I finally got hold of some thai basil – but it was actually pretty easy – since I grew it in my backyard!  My mom actually started it from seed for me.  So it really started out tiny – and it has finally gotten big enough to use with out picking off every single leaf! 
This dish exceeded my expectations – it was super flavorful and delicious.  I ended up adding too many chilies (and seeds) so this was way hotter than I usually cook – but that is easily resolved by adding less next time.  This is perfect for a quick, weeknight meal and the leftovers were great too – so Enjoy!


  • 2 Tbsp. vegetable oil
  • 4 cloves garlic, minced
  • 4 - 6 “bird’s eye” chilies, minced with seeds (use more/less to taste)
  • 2 shallots, diced
  • 10 oz. chicken breast, ground or finely chopped
  • 1 1/2 Tbsp. fish sauce
  • 1/2 tsp. soy sauce
  • 2 tsp. brown sugar
  • 1 big bunch Thai basil leaves, stems removed
  • 2 dashes ground white pepper
  • 7 oz. (half a box) rice noodles


1. Prepare rice noodles according to package directions. [I soaked mine in hot water for 20-30 minutes]

2. Heat a wok or a heavy skillet over medium high heat until very hot.

3. Add the oil, garlic and chilies and stir fry until until the garlic is very fragrant.
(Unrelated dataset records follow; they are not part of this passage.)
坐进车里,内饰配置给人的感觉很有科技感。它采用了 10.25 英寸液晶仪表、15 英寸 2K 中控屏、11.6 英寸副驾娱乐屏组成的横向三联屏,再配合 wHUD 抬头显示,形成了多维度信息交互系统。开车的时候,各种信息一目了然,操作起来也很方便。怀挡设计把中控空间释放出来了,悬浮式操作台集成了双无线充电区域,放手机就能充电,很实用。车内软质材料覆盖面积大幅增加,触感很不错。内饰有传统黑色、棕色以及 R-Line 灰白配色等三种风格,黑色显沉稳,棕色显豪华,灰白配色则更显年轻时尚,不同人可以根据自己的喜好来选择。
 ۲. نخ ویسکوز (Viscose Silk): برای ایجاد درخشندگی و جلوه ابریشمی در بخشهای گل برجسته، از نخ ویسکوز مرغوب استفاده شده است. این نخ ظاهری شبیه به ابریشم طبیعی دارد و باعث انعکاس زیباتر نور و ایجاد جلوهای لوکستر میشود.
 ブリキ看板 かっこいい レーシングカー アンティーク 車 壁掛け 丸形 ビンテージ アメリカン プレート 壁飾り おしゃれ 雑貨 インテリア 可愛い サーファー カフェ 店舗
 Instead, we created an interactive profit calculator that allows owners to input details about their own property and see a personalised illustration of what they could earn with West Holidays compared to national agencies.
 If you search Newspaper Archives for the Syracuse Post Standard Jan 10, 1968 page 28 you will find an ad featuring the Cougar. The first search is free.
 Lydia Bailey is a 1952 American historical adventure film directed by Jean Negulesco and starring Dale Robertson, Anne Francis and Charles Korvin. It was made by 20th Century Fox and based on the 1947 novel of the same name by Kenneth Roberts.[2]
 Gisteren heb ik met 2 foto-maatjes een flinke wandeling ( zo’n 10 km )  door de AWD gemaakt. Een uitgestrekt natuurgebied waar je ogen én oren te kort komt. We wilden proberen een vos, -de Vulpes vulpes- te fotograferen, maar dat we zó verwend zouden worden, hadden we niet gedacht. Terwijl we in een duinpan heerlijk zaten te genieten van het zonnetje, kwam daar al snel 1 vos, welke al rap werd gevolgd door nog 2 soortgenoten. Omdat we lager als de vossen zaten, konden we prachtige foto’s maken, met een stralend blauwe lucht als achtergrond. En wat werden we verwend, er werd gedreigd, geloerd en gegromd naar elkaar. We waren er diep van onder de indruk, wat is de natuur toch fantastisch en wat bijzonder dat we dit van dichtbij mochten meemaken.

4. Add the shallots and continue stir frying until they have wilted. Add the chicken and fry until the chicken is cooked.

5. Stir in the fish sauce, soy sauce, brown sugar and white pepper. 

6. Add rice noodles to the pan and continue to stir fry until any liquid has evaporated and noodles are softened.

7. Add the basil and stir until the leaves are wilted and bright green.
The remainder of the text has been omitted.